Function to extract the snow depth from a given cell for all the files in that list:

用于从给定单元格中提取该列表中所有文件的积雪深度的功能:

cell.depthKotz <- function(depthfile){
  depth.val <- c()
  for(i in 1:length(depthfile)) {
  depth.mat <- matrix(readBin(depthfile[i], what="integer", n=136192, size=2, endian="little"), 
                      nrow=448, ncol=304, byrow=TRUE)
  depth.val[i] <- depth.mat[187,65]
  depth.val[depth.val == 110] <- NA
  depth.val[depth.val == 120] <- NA
  depth.val[depth.val == 130] <- NA
  depth.val[depth.val == 140] <- NA
  depth.val[depth.val == 150] <- NA
  depth.val[depth.val == 160] <- NA
  }  
  return(depth.val)
}

And then probably save this as a vector when I run the function for a given year:

当我运行给定年份的函数时,可能会将其保存为向量:

Sdepths1978.1979 <- as.vector(cell.depthKotz(w1979s1980))

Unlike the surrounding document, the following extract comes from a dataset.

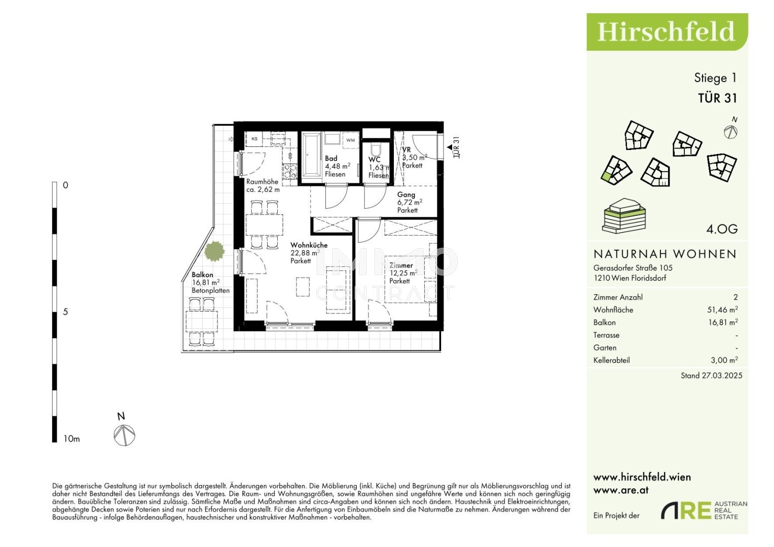 Am Rande eines weitläufigen Grünzugs, der sich bis zum Bisamberg erstreckt, entsteht im naturnahen Hirschfeld ein einzigartiges Wohnquartier: Auf drei Bauplätzen entwickelt sich ein modernes Architektur-Ensemble mit elf Gebäuden und rund 440 Wohnungen – ideal für alle, die Ruhe im

I should add that I’m very new to all this as far as even knowing how to phrase what I’m asking for, so let me know if I need to edit the title/question or add more detail. I’m not concerned about runtime if you see that sort of inefficiency in the functions above, but if there are obvious changes that would mean less repetitive/manual effort from me and more automated effort from R feel free to say so. Thanks for your help!

我应该补充一点,即使我知道如何说出我要求的内容,我对这一切都很陌生,所以如果我需要编辑标题/问题或添加更多细节,请告诉我。如果你在上面的函数中看到那种低效率,我并不关心运行时,但如果有明显的变化意味着我的重复性/手动性更少,R的更多自动化工作可以*地说出来。谢谢你的帮助!

1 个解决方案

#1


0  

There is a recursive flag in the list.files function.

list.files函数中有一个递归标志。

files <- list.files(path = "src", pattern = "\\.jpg$", recursive = TRUE)

If you make the path point to the parent directory. And add the recursive = T flag you should be good.

如果使路径指向父目录。并添加recursive = T标志你应该是好的。

Optionally you can change the pattern to end with $ stating the files must end with this pattern. In a rare case where there is another file in the directory named someinfo.img.txt this would be ignored.

您可以选择将模式更改为以$结尾,文件必须以此模式结束。在极少数情况下,名为someinfo.img.txt的目录中有另一个文件,这将被忽略。

#1


0  

There is a recursive flag in the list.files function.

list.files函数中有一个递归标志。

files <- list.files(path = "src", pattern = "\\.jpg$", recursive = TRUE)

If you make the path point to the parent directory. And add the recursive = T flag you should be good.

如果使路径指向父目录。并添加recursive = T标志你应该是好的。

Optionally you can change the pattern to end with $ stating the files must end with this pattern. In a rare case where there is another file in the directory named someinfo.img.txt this would be ignored.

您可以选择将模式更改为以$结尾,文件必须以此模式结束。在极少数情况下,名为someinfo.img.txt的目录中有另一个文件,这将被忽略。